Pictures are not part of the answer. Write out exactly the lines from the one containing "利柏特1月23日披露总额5." through the end of the material below.

-- Supplied data --
───

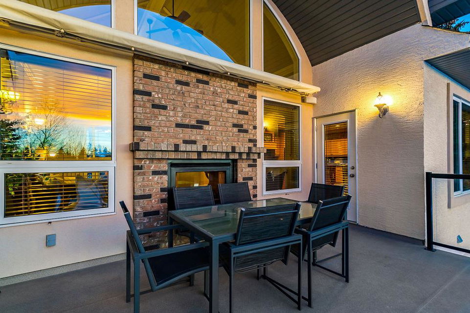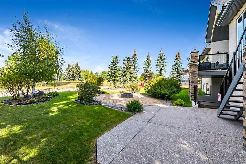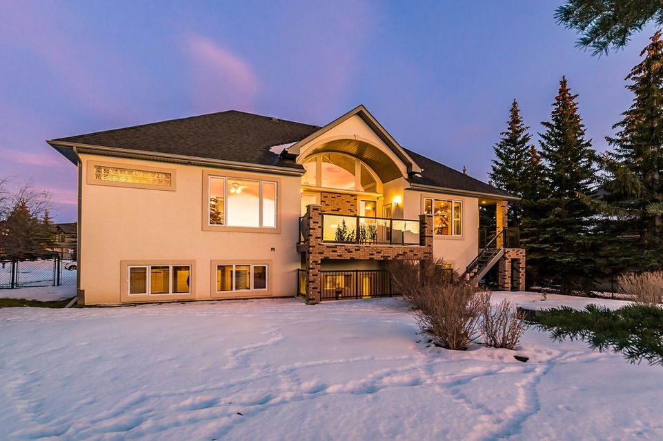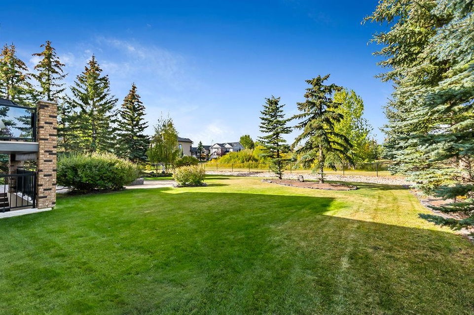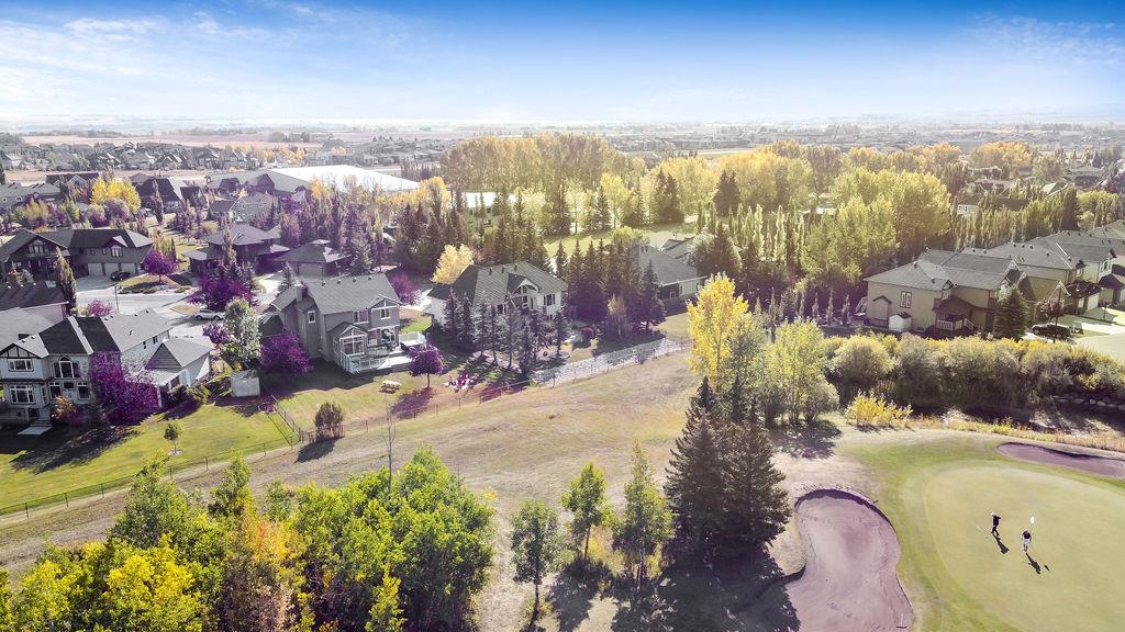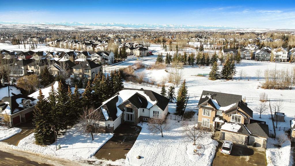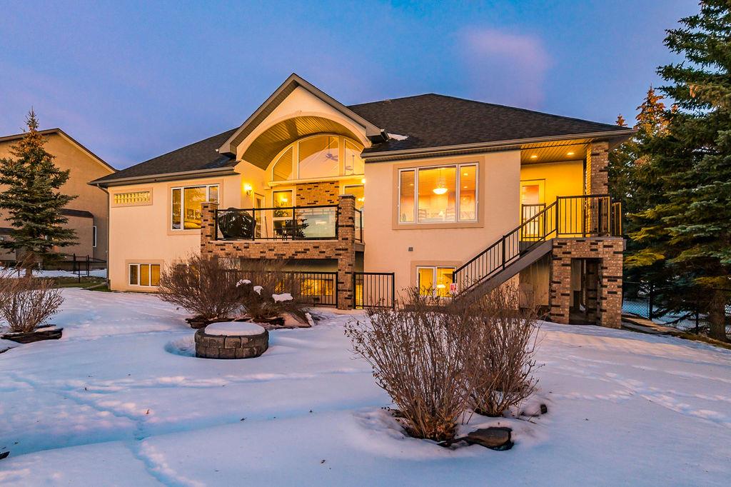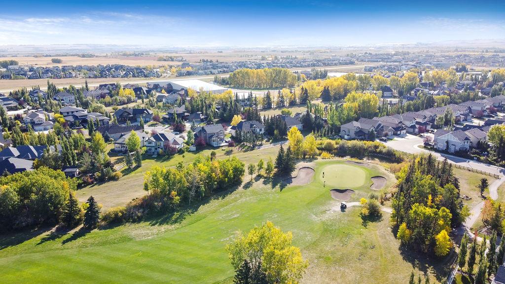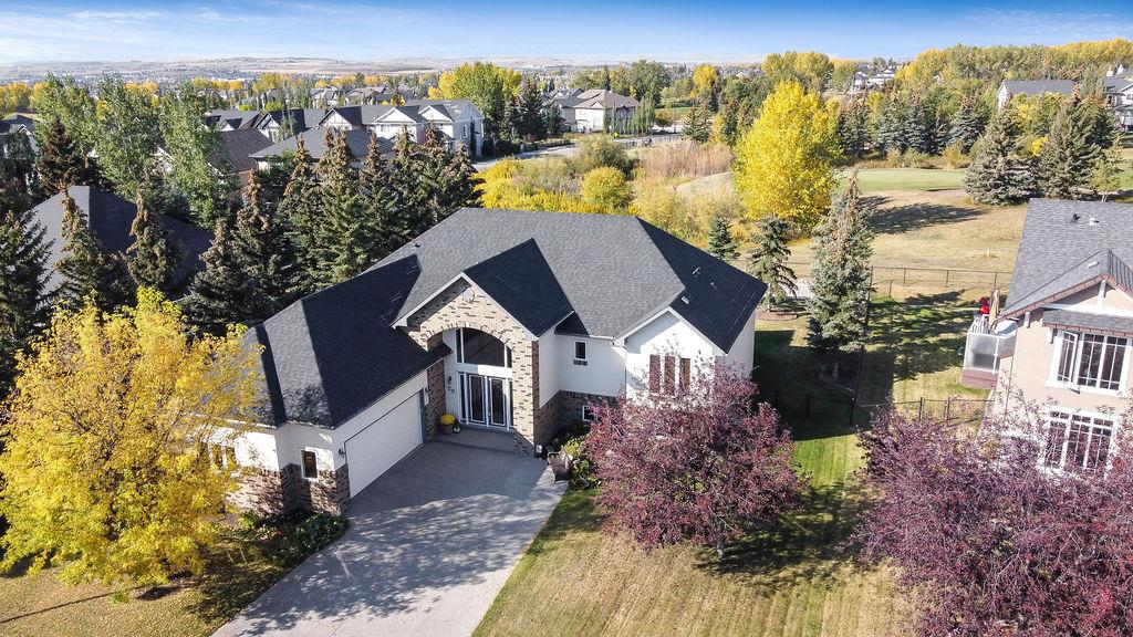LUXURIOUS FORMER AIR RANCH SHOWHOME with superb layout, HUGE 1/3 ACRE LOT, AMAZING GOLF COURSE LOCATION … 2BDRMS up & 2BDRMS down, WEST yard, PLUS MOUNTAIN VIEWS! **Click 3D video for virtual walk-through**. MAIN floor features 1940sq.ft.+ space with large living room w two-way fire-place & vaulted ceiling, gourmet kitchen with custom maple cabinetry, large island & walk-in pantry, and superb dining with windows overlooking yard. Spacious owner’s suite boasts gorgeous ensuite bath with STEAM shower with 11 shower heads, soaker tub, walk-in closet, and double sink vanity. Main floor also features large den (or second bedroom), another full bathroom, and generous laundry room. Brazilian hardwood & slate floors throughout. LOWER level offers 1600sq.ft.+ more space, 11’ ceilings, family room with second fireplace, games room with custom bar & built-in TV’s, and two more bedrooms with full bathroom. IN-FLOOR HEAT, two furnaces, AC, smart wiring & sound surround throughout the house. GORGEOUS 170’ x 85’ YARD is beautifully landscaped with mature vegetation, irrigation system, concrete patio area, and spacious deck … and offers views of golf course & Rocky Mountains. PLUS OVERSIZED 22’x33’ garage, exposed aggregate driveway. If you are looking for luxurious bungalow-style living in a prestigious community, and enjoy golf course & mountain views, then this is it!
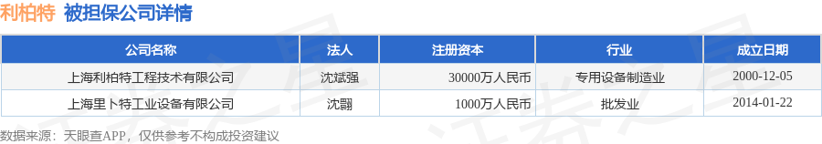 利柏特1月23日披露总额5.2亿元的对外担保,被担保公司2家。本次担保的担保方式为连带责任担保。
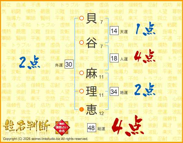 貝(7画)谷(7画) 麻(11画)理(11画)恵(12画)
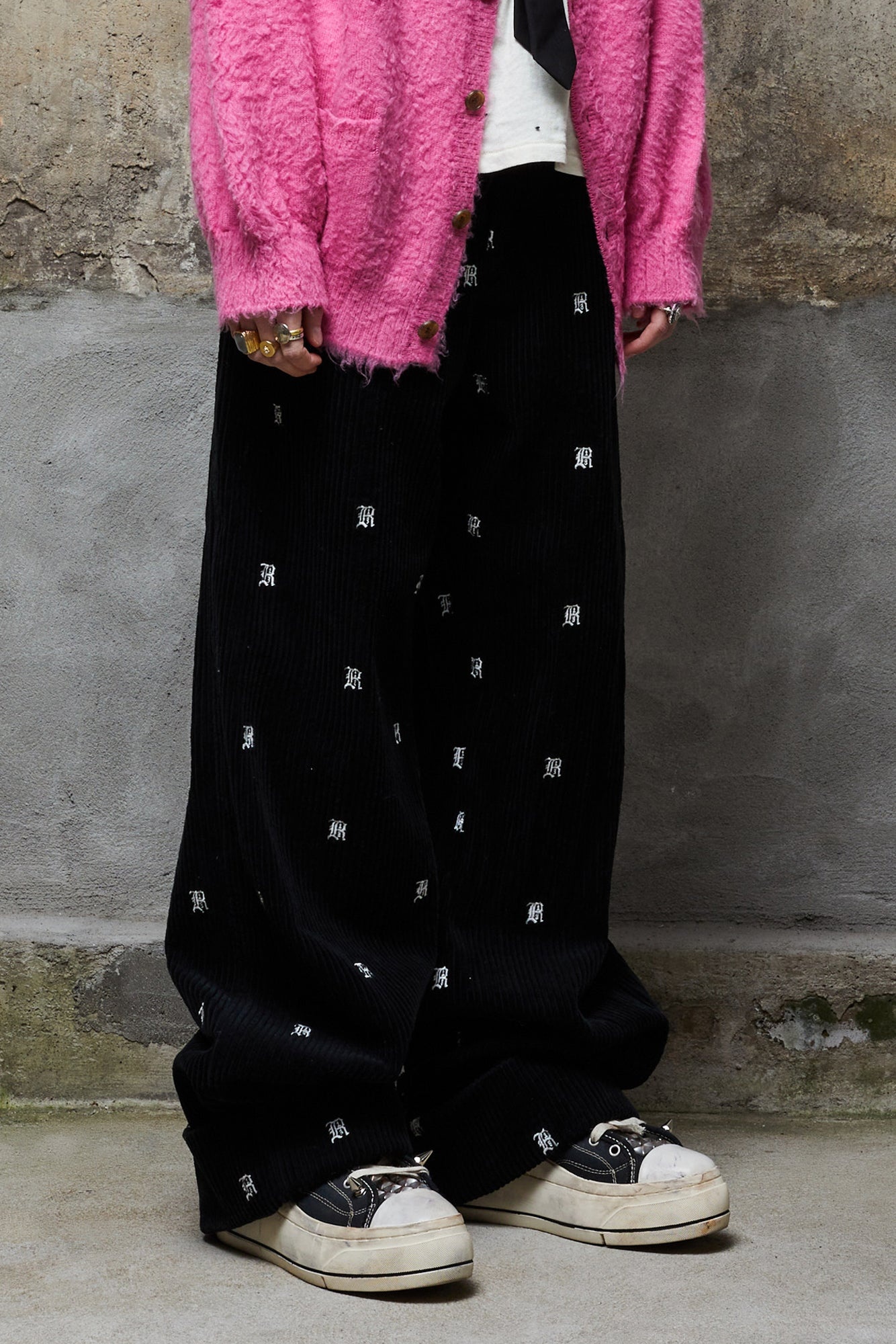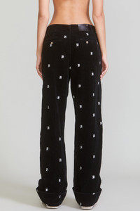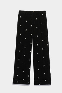 Wide leg chino featuring embroidered R13 logos all over the garment and made with Japanese corduroy. - Color: Black with R13 Logos - Eli is 5’8” and wearing size 27 - Bust 30”; Waist 23”; Hips 33” - 100% Cotton - R13WR078-R153B

───

-- Problem solution --
 利柏特1月23日披露总额5.2亿元的对外担保,被担保公司2家。本次担保的担保方式为连带责任担保。
 貝(7画)谷(7画) 麻(11画)理(11画)恵(12画)
 Wide leg chino featuring embroidered R13 logos all over the garment and made with Japanese corduroy. - Color: Black with R13 Logos - Eli is 5’8” and wearing size 27 - Bust 30”; Waist 23”; Hips 33” - 100% Cotton - R13WR078-R153B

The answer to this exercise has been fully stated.